Problem: For this exercise, copy the data exactly and omit any images.

Data:
━━━━━━━━━━━━━━━━
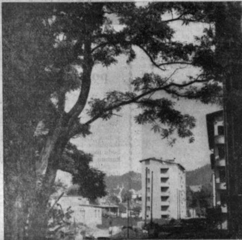
Motiv iz Celja

V razpravi, ki je pretežno obravnavala materialne razmere šolstva v žalski občini, je bilo poudarjeno, da je šolstvo sestavni del družbene stvarnosti, zaradi česar mu bo treba v fazi, ko se osamosvaja, posvetiti širšo skrb. To pomeni, da bi se morali vsi naporji za njegovo vsebinsko presnovo zlititi s celotnim prizadevanjem komune. Ker imamo opraviti z občutljivim procesom, kakršnega so preživljale gospodarske organizacije, bi mu uregnili vsaka prenapeta kritika le škoditi, narobe pa bi mu lahko zelo koristili, če bi ga bolj kot doslej podpirali v tem smislu, da bi prosvetne delavce družbeno angažirali. Žalski plenum je v teh pogledih prvo veliko znamenje. dhr
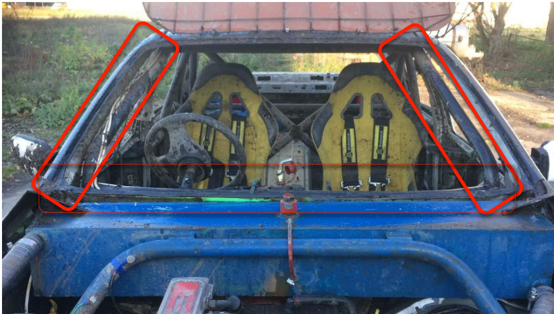
Figuur 2. Rolkooi afsteuning naar voren.
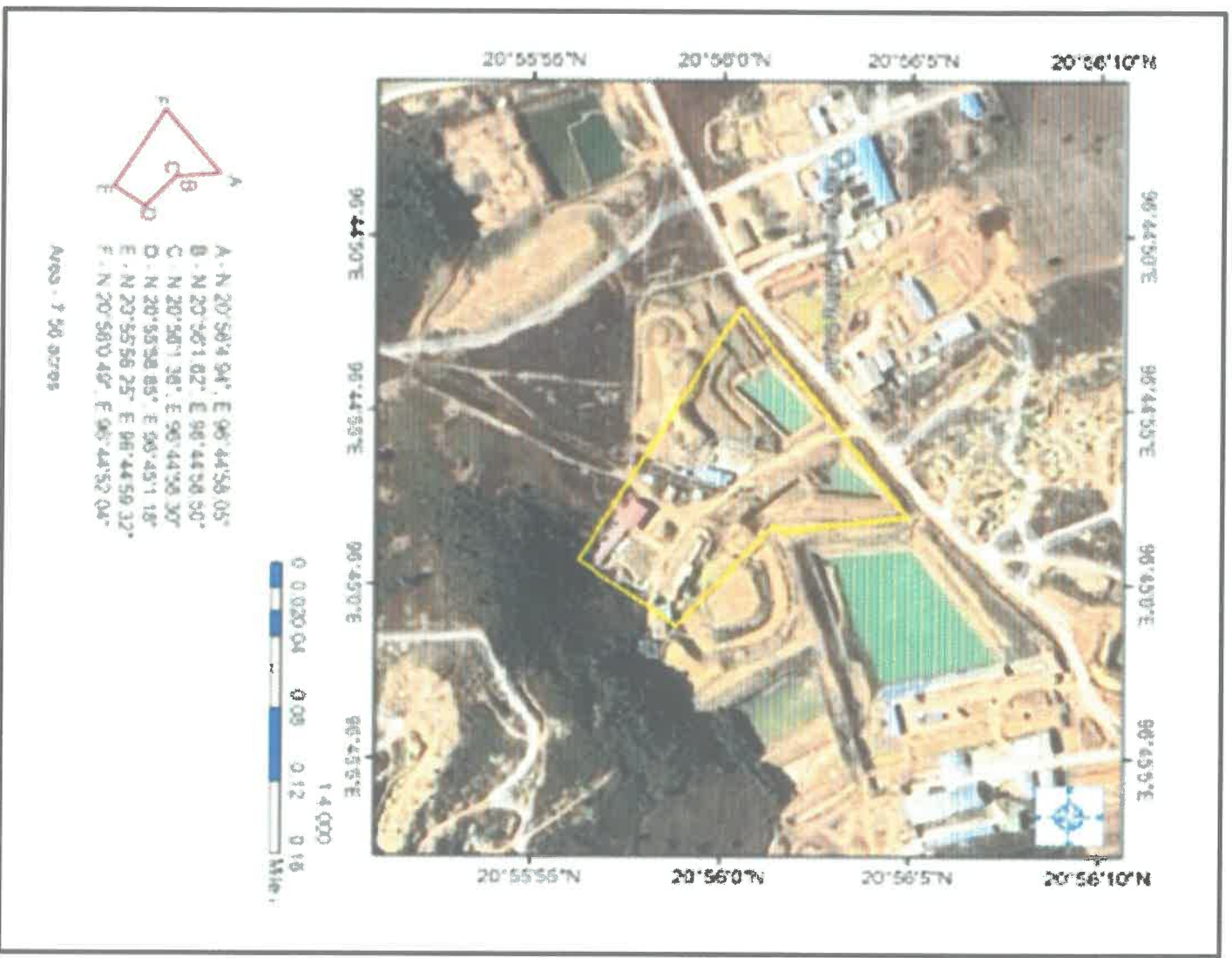
Figure1: Location map of Project
━━━━━━━━━━━━━━━━
Task answer:
Motiv iz Celja

V razpravi, ki je pretežno obravnavala materialne razmere šolstva v žalski občini, je bilo poudarjeno, da je šolstvo sestavni del družbene stvarnosti, zaradi česar mu bo treba v fazi, ko se osamosvaja, posvetiti širšo skrb. To pomeni, da bi se morali vsi naporji za njegovo vsebinsko presnovo zlititi s celotnim prizadevanjem komune. Ker imamo opraviti z občutljivim procesom, kakršnega so preživljale gospodarske organizacije, bi mu uregnili vsaka prenapeta kritika le škoditi, narobe pa bi mu lahko zelo koristili, če bi ga bolj kot doslej podpirali v tem smislu, da bi prosvetne delavce družbeno angažirali. Žalski plenum je v teh pogledih prvo veliko znamenje. dhr
Figuur 2. Rolkooi afsteuning naar voren.
Figure1: Location map of Project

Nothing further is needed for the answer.